Stimulate a capacity to discuss and
reflect upon individual, political, economic, and social aspects of life in
order to understand ways in which to be a responsible member of society.
Recognize the importance
of maintaining health and wellness.
Develop a capacity to use knowledge
of how technology and science affect their lives.
Develop personal values for ethical
behavior.
Develop the ability to make
aesthetic judgments.
Use logical reasoning in problem solving.
Integrate knowledge and understand
the interrelationships of the scholarly disciplines.
Exemplary Objectives (Those marked with a √ reflect state-mandated exemplary
objectives taught in this course.)
Mathematics: The objective of the mathematics component
of the core curriculum is to develop a quantitatively literate college graduate. Every
college graduate should be able to apply basic mathematical tools in the
solution of real-world problems.
To apply arithmetic, algebraic, geometric, higher-order thinking and
statistical methods to modeling and solving real-world situations.
To represent and evaluate basic mathematical information verbally,
numerically, graphically, and symbolically.
To expand mathematical reasoning skills and formal logic to develop
convincing mathematical arguments.
To use appropriate technology to enhance mathematical thinking and
understand and to solve mathematical problems and judge reasonableness
of the results.
To interpret mathematical models such as formulas, graphs, tables
and schematics, and draw inferences from them.
To develop the limitations of mathematical and statistical models.
To develop the view that mathematics is an evolving discipline interrelated
with human culture, and understand its connections to other disciplines.
Instructional Goals and Purposes:
Lee College's instructional goals include 1) creating an academic atmosphere
in which students may develop their intellects and skills and 2) providing
courses so students may receive a certificate/an associate degree or transfer
to a senior institution that offers baccalaureate degrees.
General Course Objectives:
Successful completion of this course will promote the general student learning
outcomes listed below. The student will be able
To apply problem-solving skills through solving application problems.
To demonstrate arithmetic and algebraic manipulation skills.

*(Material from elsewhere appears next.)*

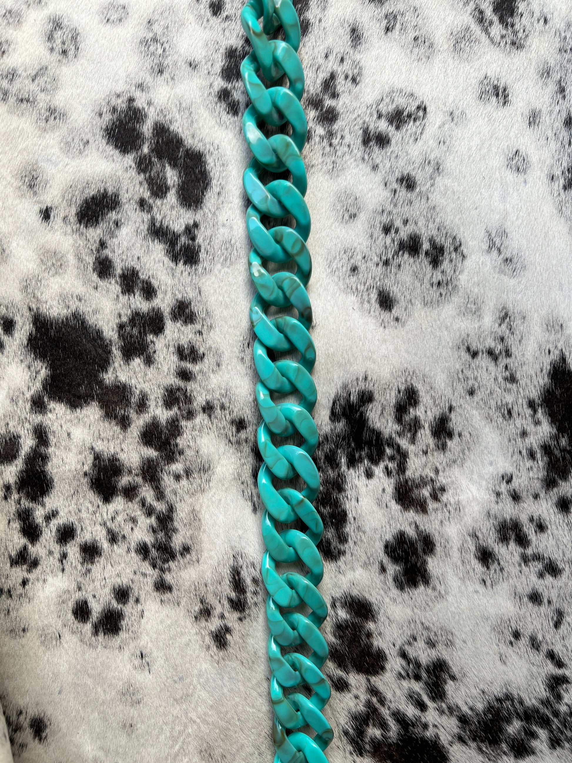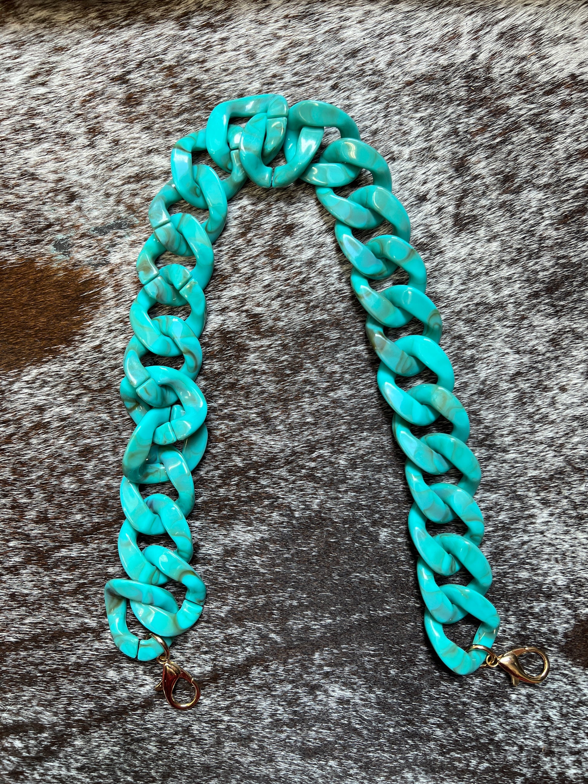 Elevate your handbag game with this eye-catching turquoise acrylic bag chain. Designed with oversized interlocking links, this statement strap adds a pop of color and a modern twist to any tote, crossbody, or shoulder bag. Lightweight yet durable, it’s comfortable to carry while giving your bag a chic, fashion-forward upgrade.

To read and understand scientific and mathematical literature by utilizing
proper vocabulary and methodology.
To construct appropriate mathematical models to solve applications.
To interpret and apply mathematical concepts.
To use multiple approaches - physical, symbolic, graphical, and verbal - to
solve application problems.
Specific Course Objectives:
Upon successful completion of the course, the student will be able
To apply strategies for solving problems.
To apply the basic concepts of set theory.
To analyze arguments with truth tables and Euler diagrams.
To convert between number bases.
To apply properties of real numbers.
To solve application problems involving decimals and percents.
To apply the basic concepts of algebra.
To graph functions.
To solve systems of equations.
To solve systems of inequalities.
Course Content:
Students will be required to do the following:
Problem Solving
Solve problems by inductive reasoning.
Investigate number patterns.
Utilize strategies for problem solving.
Read graphs.
Set Theory
Know symbols and terminology of set theory.
Use Venn diagrams.
Perform set operations.
Find Cartesian products.
Calculate cardinal numbers.
Interpret survey results.
Identify infinite sets and their cardinalities.
Logic
Use truth tables and Euler diagrams to analyze arguments.
Numeration and Mathematical Systems
Convert between Hindu-Arabic numeral form and historical numerical
forms.
Perform arithmetic operations in the Hindu-Arabic system.
Convert between number bases.
Use the properties of finite mathematical systems and groups.
Number Theory
Identify prime and composite numbers.
Find the greatest common factor and least common multiple.
Perform clock arithmetic calculations.
Apply the concepts of modular systems.
Real Numbers
Order real numbers on the number line.
Calculate absolute value.
Apply properties of real numbers to perform operations and solve application
problems.
Express rational and irrational numbers as decimals.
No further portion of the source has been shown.